The copy should hold exactly the lines below from the one that contains "有效成分:N-乙醯葡萄糖胺、" through the one that contains "Nfl Las Vegas" and nothing else, so no pictures.

# Given data:
◇ ◇ ◇ ◇ ◇ ◇ ◇
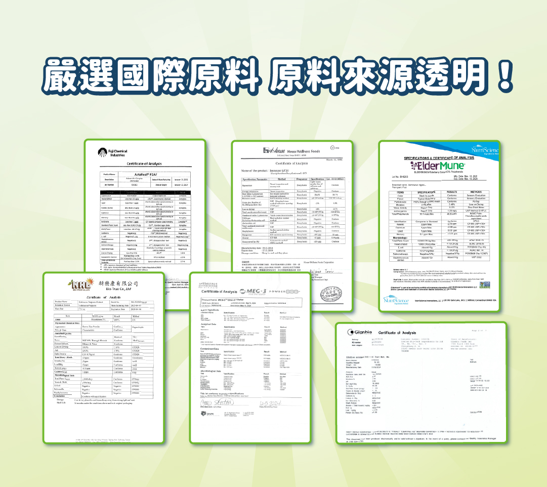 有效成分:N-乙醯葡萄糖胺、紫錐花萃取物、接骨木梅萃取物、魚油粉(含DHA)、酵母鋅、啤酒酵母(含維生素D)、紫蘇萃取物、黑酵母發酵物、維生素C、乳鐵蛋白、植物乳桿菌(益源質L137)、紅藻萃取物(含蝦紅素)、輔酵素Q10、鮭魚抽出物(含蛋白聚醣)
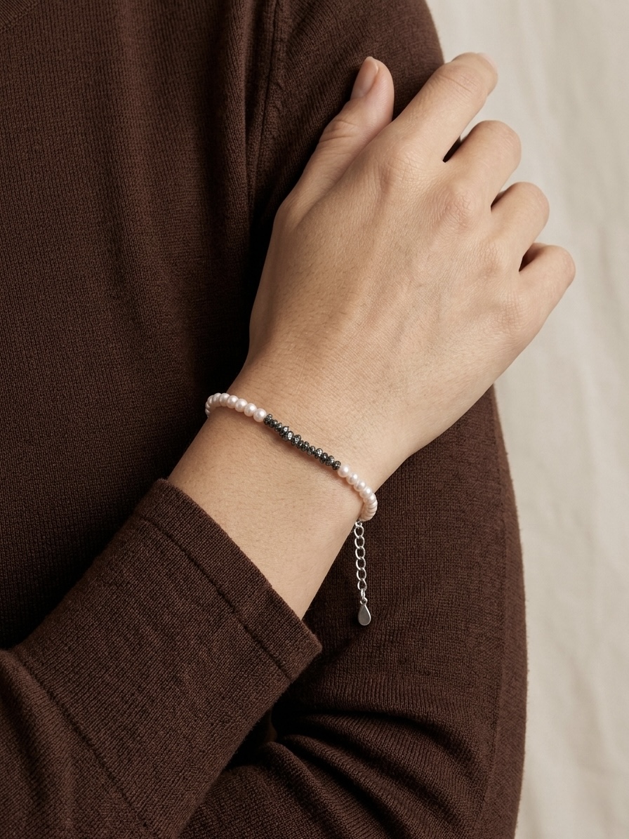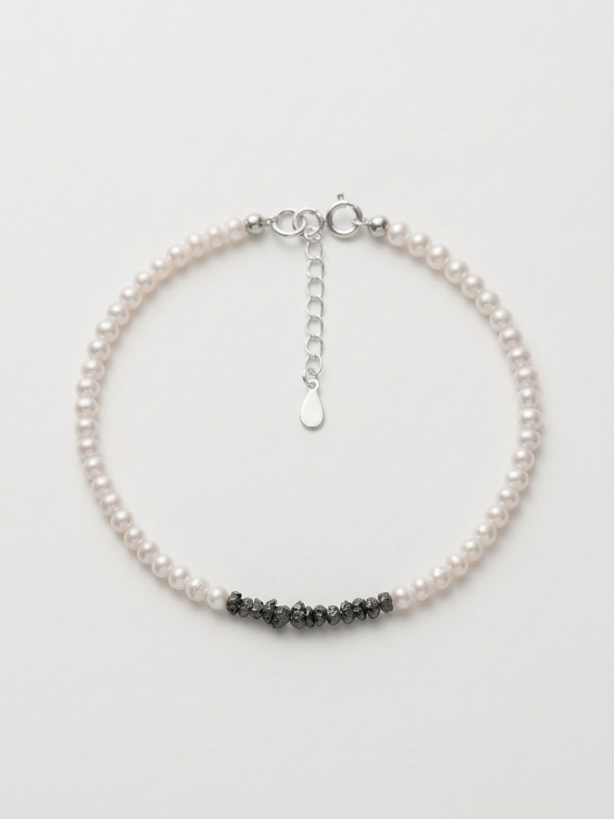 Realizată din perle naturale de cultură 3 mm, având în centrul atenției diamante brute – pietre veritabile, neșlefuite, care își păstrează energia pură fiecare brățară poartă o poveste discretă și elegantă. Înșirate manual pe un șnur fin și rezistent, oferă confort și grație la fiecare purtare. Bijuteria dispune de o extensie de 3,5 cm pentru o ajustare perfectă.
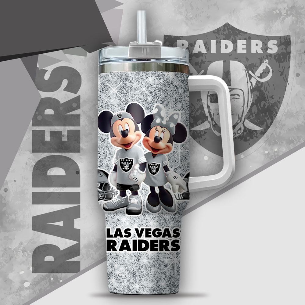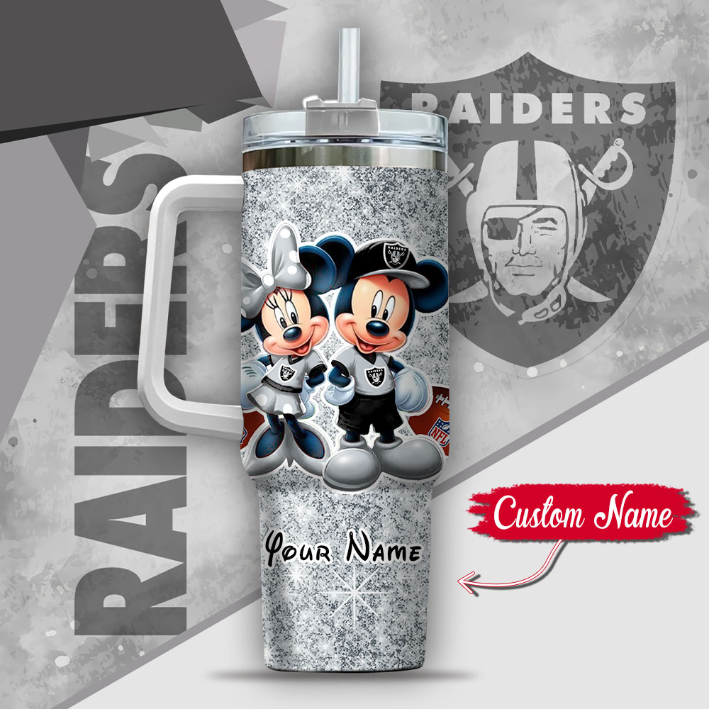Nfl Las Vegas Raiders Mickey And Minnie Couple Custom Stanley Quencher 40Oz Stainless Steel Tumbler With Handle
◇ ◇ ◇ ◇ ◇ ◇ ◇
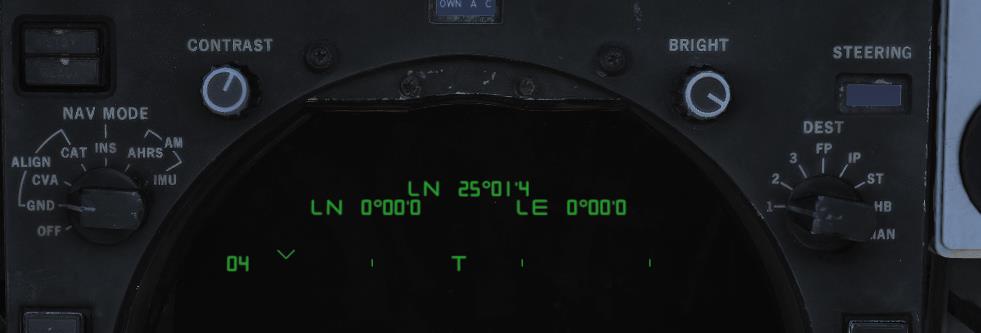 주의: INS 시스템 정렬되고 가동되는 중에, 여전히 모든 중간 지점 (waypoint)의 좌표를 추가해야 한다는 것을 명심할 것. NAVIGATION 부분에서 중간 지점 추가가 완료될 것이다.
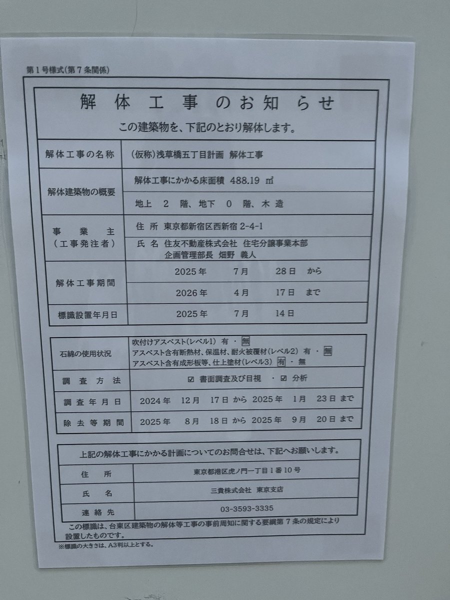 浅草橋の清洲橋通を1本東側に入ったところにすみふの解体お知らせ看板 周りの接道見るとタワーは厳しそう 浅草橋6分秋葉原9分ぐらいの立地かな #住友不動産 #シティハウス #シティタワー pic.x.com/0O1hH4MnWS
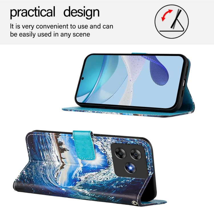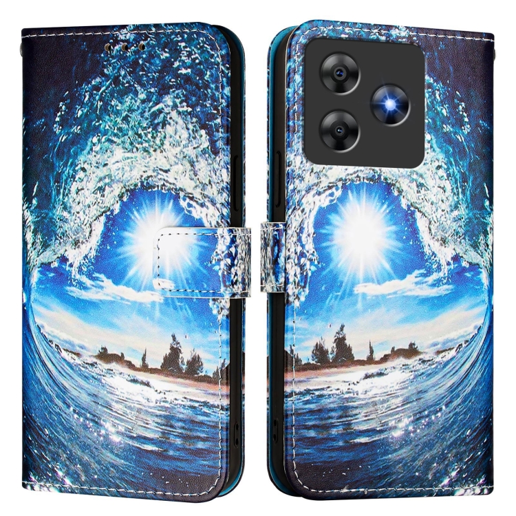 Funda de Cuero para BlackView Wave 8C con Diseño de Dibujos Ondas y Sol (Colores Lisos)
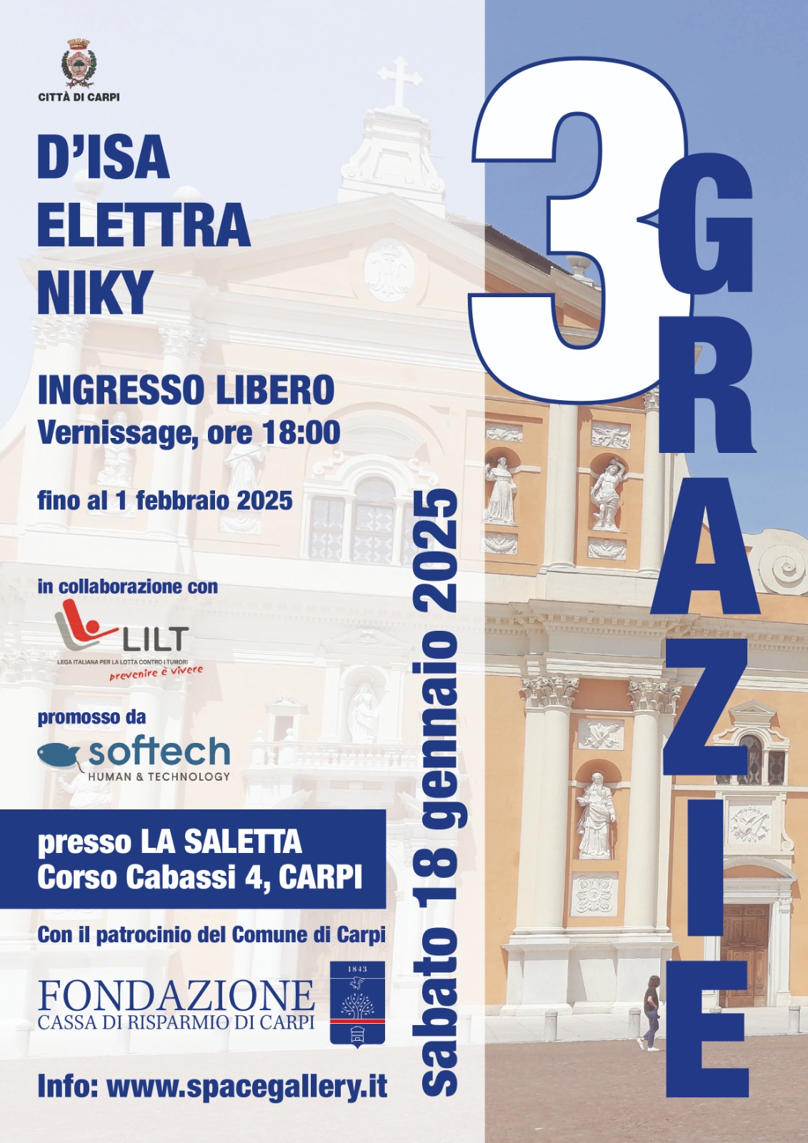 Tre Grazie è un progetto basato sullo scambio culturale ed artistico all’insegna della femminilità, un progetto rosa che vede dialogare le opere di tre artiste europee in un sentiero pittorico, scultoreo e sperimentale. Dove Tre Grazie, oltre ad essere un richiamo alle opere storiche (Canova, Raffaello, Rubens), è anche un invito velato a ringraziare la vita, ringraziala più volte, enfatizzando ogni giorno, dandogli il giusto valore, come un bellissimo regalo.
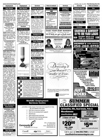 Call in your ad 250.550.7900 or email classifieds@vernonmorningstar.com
◇ ◇ ◇ ◇ ◇ ◇ ◇
# Solution to the exercise:
 有效成分:N-乙醯葡萄糖胺、紫錐花萃取物、接骨木梅萃取物、魚油粉(含DHA)、酵母鋅、啤酒酵母(含維生素D)、紫蘇萃取物、黑酵母發酵物、維生素C、乳鐵蛋白、植物乳桿菌(益源質L137)、紅藻萃取物(含蝦紅素)、輔酵素Q10、鮭魚抽出物(含蛋白聚醣)
 Realizată din perle naturale de cultură 3 mm, având în centrul atenției diamante brute – pietre veritabile, neșlefuite, care își păstrează energia pură fiecare brățară poartă o poveste discretă și elegantă. Înșirate manual pe un șnur fin și rezistent, oferă confort și grație la fiecare purtare. Bijuteria dispune de o extensie de 3,5 cm pentru o ajustare perfectă.
Nfl Las Vegas Raiders Mickey And Minnie Couple Custom Stanley Quencher 40Oz Stainless Steel Tumbler With Handle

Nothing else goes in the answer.